Although Vietnam looms large in these chapters, the broader arc of the narrative is one of reconciliation and reconnection. Becky and Cal reconcile in part because of the shared grief of losing their son and in part because of their parents’ wisdom. Felix, moved by Skip’s death, also initiates a reconciliation of sorts: He helps Becky and Cal through the grieving process. He does so in order to show kindness to them, but the three develop a new kind of relationship during this time, and it is evident that they have moved beyond Cal and Margaret’s act of infidelity. The three are, because of this reconciliation, able to present a united front as Felix tells Tom the truth about his parentage.

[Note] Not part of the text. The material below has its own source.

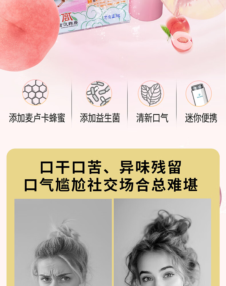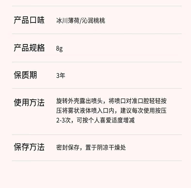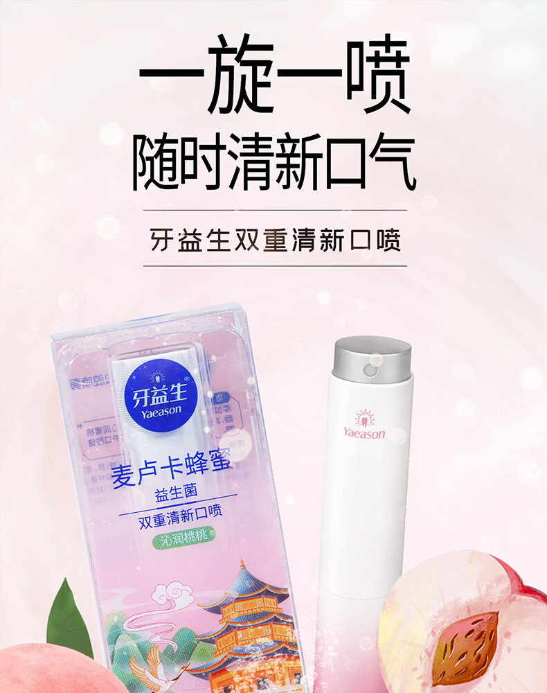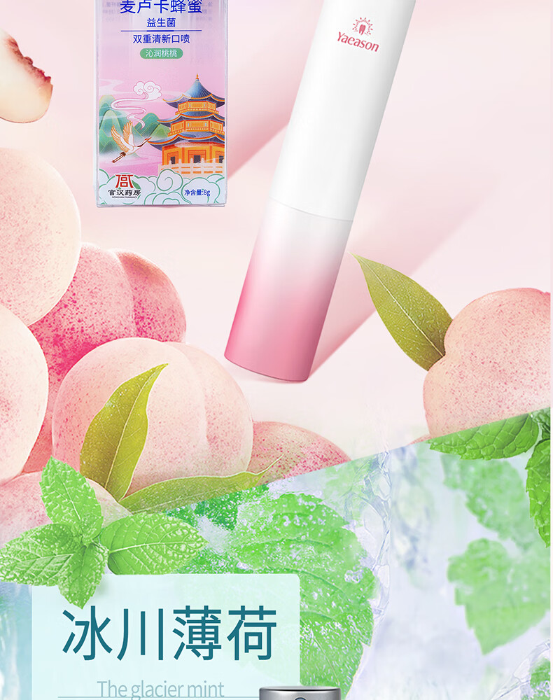牙益生麦卢卡蜂蜜益生菌双重冰川薄荷口喷 清新除臭 沁润桃桃8g

Although The Impact of Secrets on Marriage and Family is initially disastrous for Tom’s relationship with Felix and the Jenkinses, he also reconciles with the people whom he feels wronged him. When Felix becomes ill, Tom demonstrates his empathy and capacity for forgiveness. He admits that his father was put into an impossible position by society and tells Felix that he understands why he made the decisions that he did. He hugs his mother, and although they do not reconcile, he does treat her kindly. He might not be able to reconnect with her, but he can show her some of the empathy that he showed his father. With his forgiveness and acceptance, Tom espouses the core values of the novel, bringing the theme exploring the impact of secrets to a close.
Continuing the novel’s trajectory of forgiveness, Becky and Cal complete their reconciliation at the end of the novel. Now entering their sixties, they have acquired some of the wisdom of their parents’ generation. Cal accepts Becky’s spiritualism, demonstrating not only his ability to appreciate Becky but also the fact that he’s finally come to terms with his own fraught identity issues: He no longer feels that his identity rests on his differences and his inability to serve in the military. Cal’s final monologue contains many of Buckeye’s ideas about marriage: He notes that it is not possible to avoid conflict and that the way people respond to conflict becomes consequential in marriage and in life. That he feels successful because of how he’s responded to conflict marks the end of his character’s arc: He is finally as comfortable in his own skin as Becky has always been.